2D wavelet transform data compression with error level guarantee for Z-map models

Most of workpiece shapes in NC milling simulations are in Z-map representations that require a very large amount of data to precisely hold a high resolution model. An irreversible compression algorithm for Z-map models using a two-dimensional Haar wavelet transform is proposed to resolve this tight memory situation for an ordinary PC. A shape model is first transformed by using Haar wavelet to build a wavelet synopsis tree while the maximum errors caused by virtually truncating high-frequency components are simultaneously calculated. The total amount of the shape data can be reduced by truncating particular sections of the wavelet components that satisfy the error threshold given by the user. Our algorithm guarantees that any error due to its irreversible compression processes is smaller than the specified level measured against the original model. A series of experiments were conducted using an Apple iMac with a 3.2 GHz CPU and 8 GB of memory.

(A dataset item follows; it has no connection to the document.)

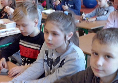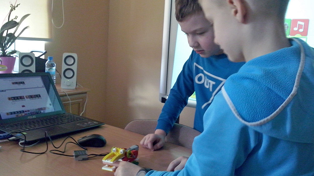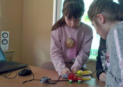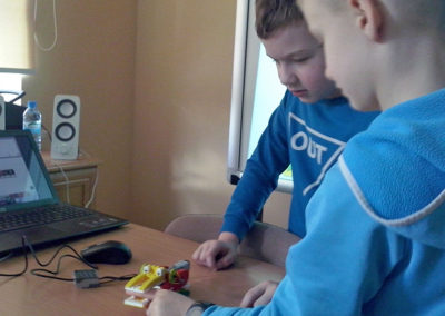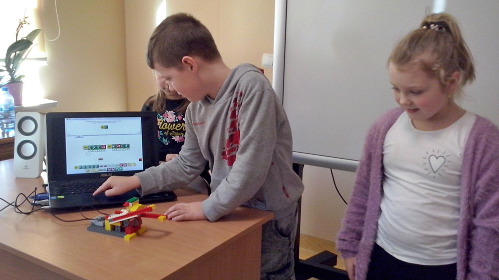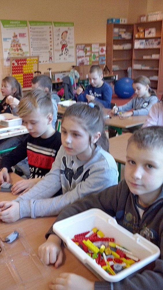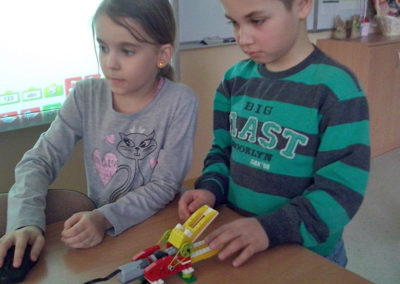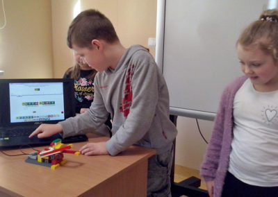 „Legoroboty” są wprowadzeniem uczniów w wesoły świat robotów. Zajęcia z uczniami klasy II prowadzi p. Ewa Świderska. Udział w zajęciach „Legoroboty” prowadzonych z użyciem zestawów LEGO WeDo jest dla uczniów pierwszym krokiem poczynionym na drodze do fascynacji techniką i informatyką. Dzieci budują roboty, korzystając z instrukcji Lego pokazujących krok po kroku, jakie klocki należy wziąć i jak je ze sobą połączyć. Po zbudowaniu robotów, uczniowie programują je w specjalnie przygotowanym programie. Program posiada przyjazny interfejs graficzny, w którym dzieci przeciągają i upuszczają poszczególne ikony odpowiedzialne za określone czynności robota. Ostatnim i najciekawszym elementem zajęć jest testowanie robota i zabawa. To bardzo ważny element, który pozwala poczuć satysfakcję z efektów swojej pracy, ucząc wytrwałości w osiąganiu zamierzonych celów.

The experiments were performed with 16 sample shape models on 512×512 to 8192×8192 grids to evaluate the compression efficiency of the proposed method. Experimental results confirmed that our compression algorithm requires approximately 20–30 ms for 512×512 models and 7 s for 8192×8192 models under a maximum error level of 10× 10−6 m (a typical criteria for NC milling simulations). The compressed binaries outputted by the proposed method are generally 25–35% smaller than the baseline results by gzip, one of common reversible compression libraries, while these two methods require almost the same level of computational costs. Highlights Discarding diagonal components in WT significantly reduces data amount. The proposed method outperforms a reversible method by 25–35% in size reduction. Most of computational time is consumed by the reversible compression step. The proposed method compresses 5122 models in 20 ms, 81922 models in 7 s.